STEP TWO: Voila! You have a blank canvas rug! Paint away your creation using artist paints or wall paint. Paint borders using green painters tape. A recommendation is a new product from Home Depot named “Behr Paint and Primer in One”. While rather thick, the paint covers the rug surface wonderfully and avoids you needing to put several coats on the surface to achieve a rich colour. Is cost an issue? Try the mini pots of paint or “testers” for around $5, which Home Depot will mix in any colour you choose, saving you from mixing colours to match your vision.

Originally when painting this rug, I wanted a black and white tile scheme. It was far too drastic and with the blue border…oh! It was like a bad fifties diner. I had a creative breakdown and threw the rug in a closet for a year. Yes, a year! This left the surface bumpy and creased. Hating the blue, I decided to paint a freehand paisley pattern with a dark brown while deciding what to do with the tiles.

Taking a cue from my inspiration, I repainted my mistakes and the rug flattened itself out from the folds of storage. I changed the white squares to yellow and black squares to a dark blue. Again, I found the tiles too bright!

Using the brown paint, I made a wash (brown paint thinned with water) and covered the entire surface of the rug. Avoid brushstrokes while doing this by having some paper towels on hand to dab the paint.

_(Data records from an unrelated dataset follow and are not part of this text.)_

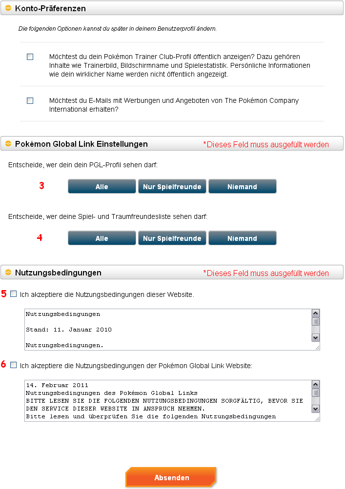 5) Dies sind die Nutzungsbedingungen des Pokemon Trainer Clubs. Eine Registration ist nur möglich, wenn man dieses Feld abhakt.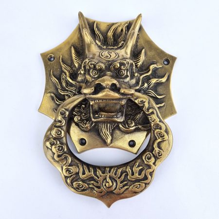 large Solid foo dragon heavy 14 cm wide pure Brass Door Knocker 8″ long Chinese dog Head ring pull in mouth Vintage Front Door Knocker Door Decor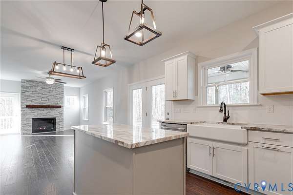 PLAN CHANGE TO KIRKLAND. The Kirkland plan, offering 2,081 square feet of thoughtfully planned living space. The plan offers 3 to 4 bedrooms and 2.5 bathrooms, 2-car garage. You will enter through an intimate front porch, once inside, the spacious foyer will lead to a private office space. Continuing down the hallway, you'll enter the family room with the included 4 foot extension. This an expansive and versatile space is perfect for gatherings or quiet evenings. The family room flows seamlessly into the dinette and kitchen area, creating a central hub. The kitchen includes a walk-in pantry and a breakfast bar that doubles as a dining and buffet space. Near the dinette, a 2 car front-load garage. There is also a centrally located powder room on the first floor. Up the stairs, a loft area that connects to the sleeping quarters, two secondary bedrooms and a full bathroom conveniently located between them. And a laundry room. The spacious primary suite and ensuite include a private water closet, an extended vanity, a walk-in shower, a linen closet and a walk-in closet thoughtfully designed to accommodate your storage needs. The home is being built in Compass Cove, where luxury living meets water access to the beauties of Lake Anna. Whether this is your forever home or an investment opportunity, Compass Cove is an exciting new neighborhood for both. Photos for advertising purposes and are not of the actual home and may include upgrades not included in listed price.
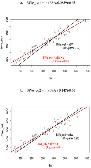When regression models were forced to pass through 0, Equations (1)–(3) and (5) overestimated BW, and even the most accurate equation, Equation (4), slightly underestimated it.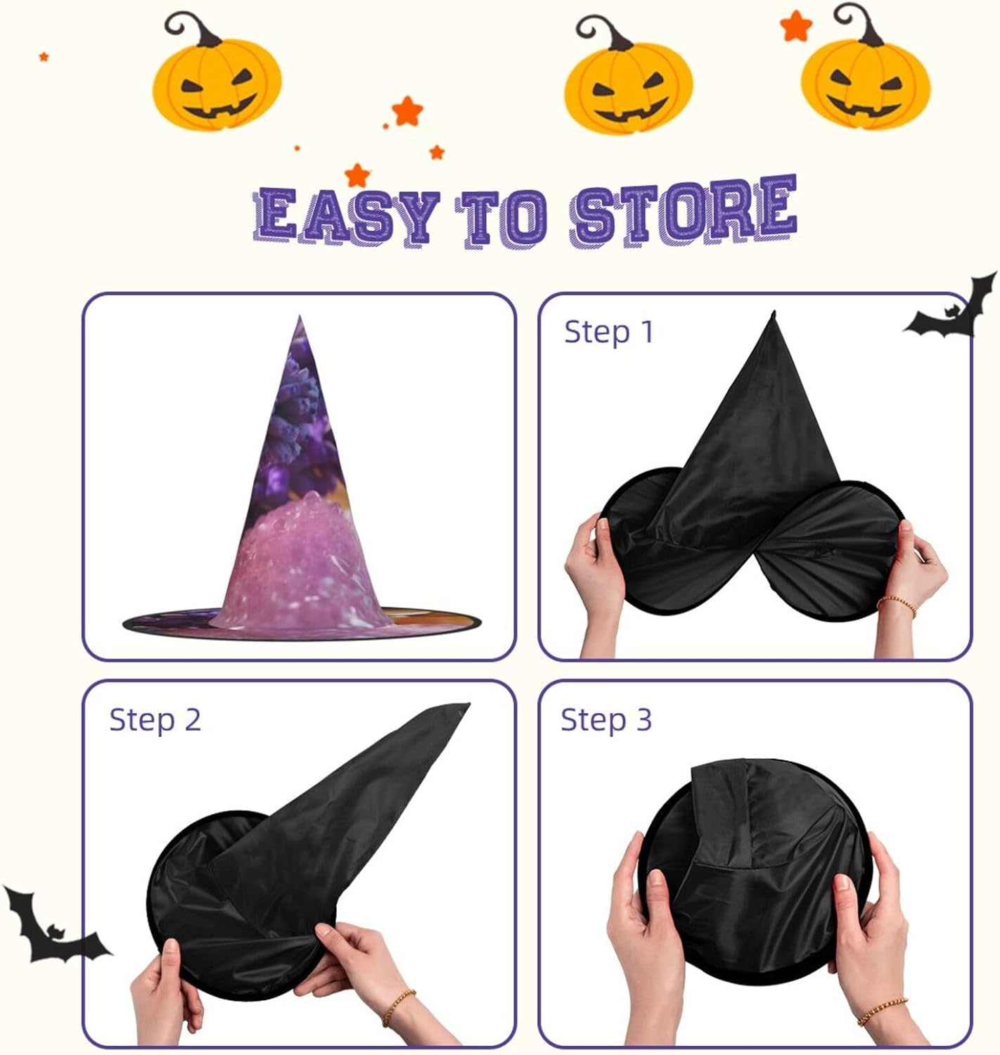 Cappello da strega da donna con guglia a punta, pieghevole, per decorazioni per feste di Halloween, 1 pezzo, fiore di lavanda e sale spa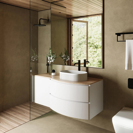 Mobile bagno 120x57 bianco opaco quercia Berna con lavabo in ceramica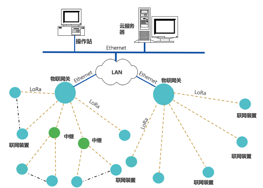 聯(lián)網(wǎng)裝置,采集設(shè)備運(yùn)行數(shù)據(jù),通過(guò)LoRa上傳數(shù)據(jù)至物聯(lián)網(wǎng)關(guān),網(wǎng)關(guān)通過(guò)Ethernet或Wi-Fi,接入云平服務(wù)器;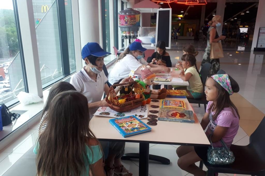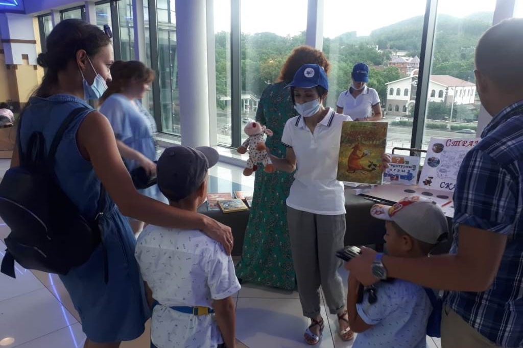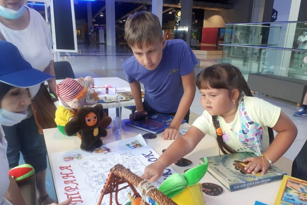 Открытая библиотечная площадка «Литературные игры» в ТРЦ «Седанка-Сити» встречала горожан в первую субботу августа. Дети, подростки и родители стали участниками литературного путешествия по карте сказок, приняли участие в викторинах по страницам любимых детских книг, отгадывали загадки и кроссворды. Вместе с Чиполино угадывали обитателей садов и огородов, с Чебурашкой и Винни-Пухом совершили путешествие по сказкам, а с коровой Муркой из сказки «Дядя Федор, пес и кот» «окунулись» в молочную викторину.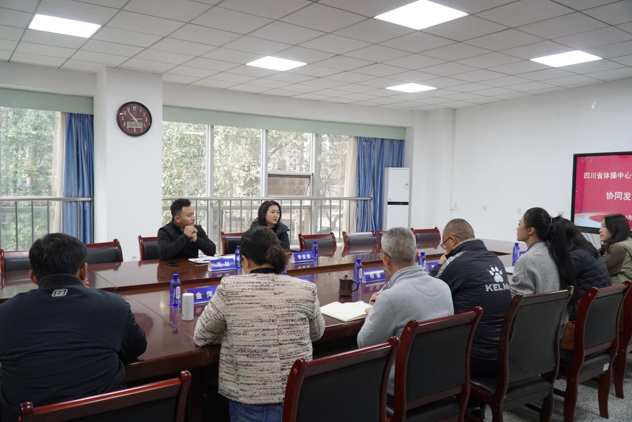 会上,王永生对体育学院发展概况、人才培养、训练竞赛等工作进行介绍。冯喆对体操运动管理中心、四川省体操协会发展规划进行介绍。双方对如何具体落实四川省体操运动管理中心与体育学院战略合作等问题开展交流沟通讨论。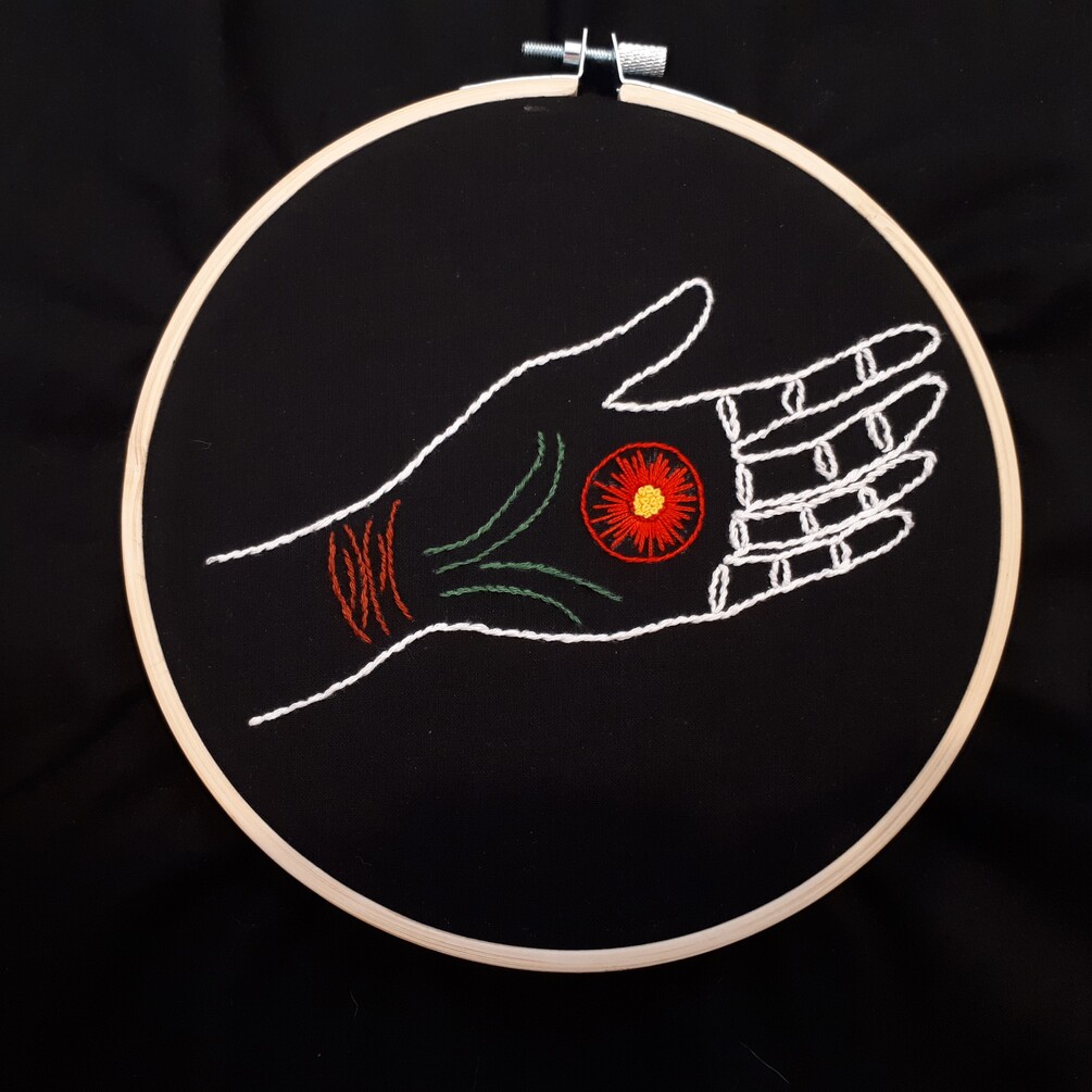 This is a digital document with detailed instructions on how to embroider a simple but beautiful pattern. The pattern is inspired by an optimistic idea that humans can create wonderful things with their hands, grow amazing things, like plants.

STEP THREE: To make the rug durable and waterproof, you must Varathane it. Most Varathane’s are oil based and you must use them outside for ventilation purposes. I coated my rug on a sunny day on my apartment driveway. Coat your rug with two coats of varnish (two,three hours between coats), paying special attention to the edges of the rug which seem to wear easily. You will find between coats you will miss areas no matter how hard you tried to avoid them (so don’t skip the second coat)! There are aerosol Varathane sprays, yet I find they result in spotty patches of varnish. I varnished my rug with a brush from the dollar store that I would place in a plastic bag between coats and tossed after the project.

Big tip: are your hands sticky from the varnish? Use a drop of vegetable oil on your hands to brake down the Varathane and wash with soap and water.

Adding varnish to the rug will bring out the colour of your paint so don’t skip out on it! Your rug will smell for the first few days and you may like to have it off-gas in the garage for 24 hours. Your rug’s surface will be shiny for the first few months of use but it will dull as you walk on it. It may also slide on your linoleum or wood floor so you may need a non-slip mat underneath if you don’t have say, a table, weighing it down. Enjoy the compliments you will receive and expect orders to flood in!